→ **Exercise prompt**:
Give back exactly the lines of the data below, starting with the line that has "El documento presenta" and going on through the line that has "吴海燕副院长出席英专教研室会".

→ **Data excerpts**:
####
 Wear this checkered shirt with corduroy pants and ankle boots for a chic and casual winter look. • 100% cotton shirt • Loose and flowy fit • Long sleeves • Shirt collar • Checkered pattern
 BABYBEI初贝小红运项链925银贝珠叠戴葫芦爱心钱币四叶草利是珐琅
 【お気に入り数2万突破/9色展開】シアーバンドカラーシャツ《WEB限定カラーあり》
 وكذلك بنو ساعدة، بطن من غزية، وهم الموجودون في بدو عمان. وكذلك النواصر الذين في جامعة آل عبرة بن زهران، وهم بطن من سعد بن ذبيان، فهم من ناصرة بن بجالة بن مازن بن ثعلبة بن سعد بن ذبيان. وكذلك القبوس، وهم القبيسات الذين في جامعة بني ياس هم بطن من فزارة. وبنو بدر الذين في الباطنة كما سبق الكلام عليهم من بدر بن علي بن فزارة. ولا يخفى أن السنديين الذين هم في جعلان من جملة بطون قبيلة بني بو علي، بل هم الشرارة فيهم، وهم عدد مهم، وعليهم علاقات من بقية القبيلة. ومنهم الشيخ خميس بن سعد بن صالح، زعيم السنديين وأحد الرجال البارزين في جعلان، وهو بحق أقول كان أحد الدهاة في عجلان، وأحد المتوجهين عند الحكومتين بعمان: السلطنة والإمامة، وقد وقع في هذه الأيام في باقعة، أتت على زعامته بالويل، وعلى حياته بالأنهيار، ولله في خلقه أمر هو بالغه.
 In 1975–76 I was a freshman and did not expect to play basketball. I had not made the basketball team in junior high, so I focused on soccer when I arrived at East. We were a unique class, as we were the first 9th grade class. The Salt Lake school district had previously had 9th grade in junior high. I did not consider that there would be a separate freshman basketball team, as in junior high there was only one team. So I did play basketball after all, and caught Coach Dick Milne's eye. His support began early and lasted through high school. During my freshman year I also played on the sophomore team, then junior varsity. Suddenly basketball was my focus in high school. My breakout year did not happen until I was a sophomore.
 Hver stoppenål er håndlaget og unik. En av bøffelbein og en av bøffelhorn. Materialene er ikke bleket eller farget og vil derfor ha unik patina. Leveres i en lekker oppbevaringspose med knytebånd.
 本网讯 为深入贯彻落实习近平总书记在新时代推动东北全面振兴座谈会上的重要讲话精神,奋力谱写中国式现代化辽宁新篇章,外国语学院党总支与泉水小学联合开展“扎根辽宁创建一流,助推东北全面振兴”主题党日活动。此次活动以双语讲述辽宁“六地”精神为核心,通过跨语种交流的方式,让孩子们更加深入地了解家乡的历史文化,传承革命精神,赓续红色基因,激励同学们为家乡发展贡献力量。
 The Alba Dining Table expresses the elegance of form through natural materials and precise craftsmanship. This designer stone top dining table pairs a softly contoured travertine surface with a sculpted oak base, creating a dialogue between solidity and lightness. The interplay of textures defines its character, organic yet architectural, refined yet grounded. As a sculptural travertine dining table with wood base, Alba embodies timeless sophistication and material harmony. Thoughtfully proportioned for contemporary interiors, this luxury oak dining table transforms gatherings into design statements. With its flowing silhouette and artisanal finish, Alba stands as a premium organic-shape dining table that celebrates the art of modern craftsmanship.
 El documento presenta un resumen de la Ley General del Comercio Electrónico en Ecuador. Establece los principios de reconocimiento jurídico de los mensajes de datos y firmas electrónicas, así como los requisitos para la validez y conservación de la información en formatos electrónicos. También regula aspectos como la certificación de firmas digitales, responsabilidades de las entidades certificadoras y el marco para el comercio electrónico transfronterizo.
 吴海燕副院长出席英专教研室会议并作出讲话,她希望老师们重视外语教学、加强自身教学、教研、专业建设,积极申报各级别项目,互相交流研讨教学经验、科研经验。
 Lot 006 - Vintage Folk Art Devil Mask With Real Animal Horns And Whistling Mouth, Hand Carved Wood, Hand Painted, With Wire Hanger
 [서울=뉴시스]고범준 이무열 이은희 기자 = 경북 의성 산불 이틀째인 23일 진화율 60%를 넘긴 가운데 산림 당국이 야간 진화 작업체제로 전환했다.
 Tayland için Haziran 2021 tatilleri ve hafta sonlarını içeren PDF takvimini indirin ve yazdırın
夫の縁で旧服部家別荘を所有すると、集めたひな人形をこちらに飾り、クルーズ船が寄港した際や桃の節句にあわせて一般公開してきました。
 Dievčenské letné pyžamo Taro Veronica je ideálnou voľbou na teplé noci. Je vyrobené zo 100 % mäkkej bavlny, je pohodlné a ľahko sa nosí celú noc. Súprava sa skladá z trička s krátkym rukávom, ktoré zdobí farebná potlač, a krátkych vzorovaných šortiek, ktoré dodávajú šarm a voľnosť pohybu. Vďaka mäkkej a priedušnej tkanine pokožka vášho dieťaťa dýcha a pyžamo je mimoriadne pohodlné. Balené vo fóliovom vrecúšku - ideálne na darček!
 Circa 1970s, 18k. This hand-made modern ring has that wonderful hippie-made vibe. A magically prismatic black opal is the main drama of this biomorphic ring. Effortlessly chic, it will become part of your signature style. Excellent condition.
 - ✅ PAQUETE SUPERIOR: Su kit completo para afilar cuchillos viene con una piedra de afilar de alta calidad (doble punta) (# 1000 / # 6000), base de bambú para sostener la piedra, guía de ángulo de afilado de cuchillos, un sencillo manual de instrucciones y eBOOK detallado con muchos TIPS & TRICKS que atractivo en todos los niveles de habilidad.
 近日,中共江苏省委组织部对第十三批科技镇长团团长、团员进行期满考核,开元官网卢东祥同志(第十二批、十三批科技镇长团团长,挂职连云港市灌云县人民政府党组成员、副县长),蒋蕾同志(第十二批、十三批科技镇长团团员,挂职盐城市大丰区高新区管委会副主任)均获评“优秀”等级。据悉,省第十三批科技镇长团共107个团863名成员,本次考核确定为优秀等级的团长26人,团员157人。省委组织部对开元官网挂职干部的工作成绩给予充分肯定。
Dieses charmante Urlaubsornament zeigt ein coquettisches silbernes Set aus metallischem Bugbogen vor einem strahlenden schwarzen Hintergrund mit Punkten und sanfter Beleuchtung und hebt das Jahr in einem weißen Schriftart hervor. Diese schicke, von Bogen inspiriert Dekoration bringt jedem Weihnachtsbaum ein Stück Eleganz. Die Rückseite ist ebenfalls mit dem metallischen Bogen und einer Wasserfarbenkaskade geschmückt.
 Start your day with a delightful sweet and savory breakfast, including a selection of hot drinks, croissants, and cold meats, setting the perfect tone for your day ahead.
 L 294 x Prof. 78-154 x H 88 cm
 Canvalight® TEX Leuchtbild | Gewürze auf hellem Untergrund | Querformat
####
→ **Solution for this problem**:
 El documento presenta un resumen de la Ley General del Comercio Electrónico en Ecuador. Establece los principios de reconocimiento jurídico de los mensajes de datos y firmas electrónicas, así como los requisitos para la validez y conservación de la información en formatos electrónicos. También regula aspectos como la certificación de firmas digitales, responsabilidades de las entidades certificadoras y el marco para el comercio electrónico transfronterizo.
 吴海燕副院长出席英专教研室会议并作出讲话,她希望老师们重视外语教学、加强自身教学、教研、专业建设,积极申报各级别项目,互相交流研讨教学经验、科研经验。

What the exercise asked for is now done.